Dr. Russ and I have discussed your anxiety and your reluctance about immunizing your newborn and I thought that I might forward some information to you in this regard. As pediatricians, our entire group recognizes your concern for your child’s welfare and we do respect your right to decide what is best. We hope that you will appreciate our education, training and our sincere desire to help you keep your child healthy and strong.

The first article that I’ve enclosed should specifically address many of the concerns you have regarding some of the adverse consequences that have been associated with vaccination in the popular media and in the scientific literature. I think you’ll have a better appreciation of the great benefits that vaccines have wrought and that many of us (including physicians) take for granted. This article was published in the newsletter of the National Alliance for Autism Research (NAAR) which is distributed to both professionals and parents interested in autism and autism research.

The article was written by Eric London, MD, who is one of this country’s leading authorities in autism. He is the cofounder and vice-president of medical affairs of NAAR, which is a leading private source of fund-ing for autism research. Dr. London is my brother-in-law and his autistic son, Zachary, is my nephew. I have attended NAAR’s Scientific Advisory Board meeting at Harvard University and if you review the credentials of this board on the NAAR web site, you’ll see that these are some of the leading scientists and researchers in their respective fields. This article closely reflects my position regarding the risks and benefits of vaccination.

The second enclosure is a “Refusal of Vaccination” form. Some pediatric practices use this form if parents absolutely refuse to have their children vaccinated. I’ve adapted this form for our practice, but the five of us feel so strongly about the need to vaccinate, that we only use this form for educational purposes—so that you’ll specifically see what complications may result from a failure to vaccinate for each of these vaccine-preventable diseases.

These diseases present more than a “theoretical” risk.
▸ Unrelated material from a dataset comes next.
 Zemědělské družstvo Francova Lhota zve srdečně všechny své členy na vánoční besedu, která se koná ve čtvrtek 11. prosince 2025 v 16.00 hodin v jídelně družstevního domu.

During my pediatric training in the early 1980’s at New York Hospital-Cornell Medical Center, I commonly treated children hospitalized with meningitis, sepsis, and other invasive infections caused by the Hemophilus infuenzae type B (HiB) bacteria. This bacterium was one of the leading causes of such infections in early childhood and often led to serious lasting injury or even death. During my last year of pediatric residency a new vaccine was released to prevent this disease and within a few short years, HiB disease has become an uncommon cause of childhood disease.
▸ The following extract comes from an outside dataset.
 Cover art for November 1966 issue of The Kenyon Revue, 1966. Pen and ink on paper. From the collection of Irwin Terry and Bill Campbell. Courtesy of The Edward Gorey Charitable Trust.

Chickenpox, a very common childhood illness, is a disease that most parents and grandparents look upon as a benign “right” of childhood. Many pediatricians also have this same attitude about the disease and com-plications such as pneumonia, myelitis, encephalitis, etc. are rather uncommon but still a concern. Even so, chickenpox accounts for 50 to 100 deaths a year among healthy children.

During the past ten years, pediatricians began to see more and more serious skin infections following chickenpox. Perhaps you recall the reports on television of adults with “flesh-eating” strep infections that antibiotics were powerless to stop. We as pediatricians began to see the same serious infections in a few of our chickenpox patients. Drs. Gerba, Inguagiato, Russ and I have each separately diagnosed, hospitalized and treated children with these “flesh-eating” streptococcal infections. While the disease is more treatable in children than in adults, it still requires a prolonged hospitalization for long courses of intravenous antibi-otics and surgical treatment.

The chickenpox vaccine can prevent this very real and life-threatening complication.

Other diseases can appear in childhood in unexplained circumstances. Unfortunately, because of the fre-quency that we administer vaccines, some of these illnesses may appear to be related. However, under care-ful evaluation, the overwhelming majority of these illnesses are not a consequence of vaccination but merely a coincidence.

Of course, with every medical treatment, there are certain risks. But in the vast majority of children, these risks are far outweighed by the benefits. There are a few circumstances in which some vaccines are con-traindicated. We as pediatricians are aware of these risks and contraindications and will take these factors into account before we administer your child’s vaccines. 

For certain vaccines, we can accommodate your anxiety or reluctance to vaccinate and postpone their ad-ministration, such as the hepatitis B vaccine—assuming that your obstetrician has screened you during pregnancy for this disease. 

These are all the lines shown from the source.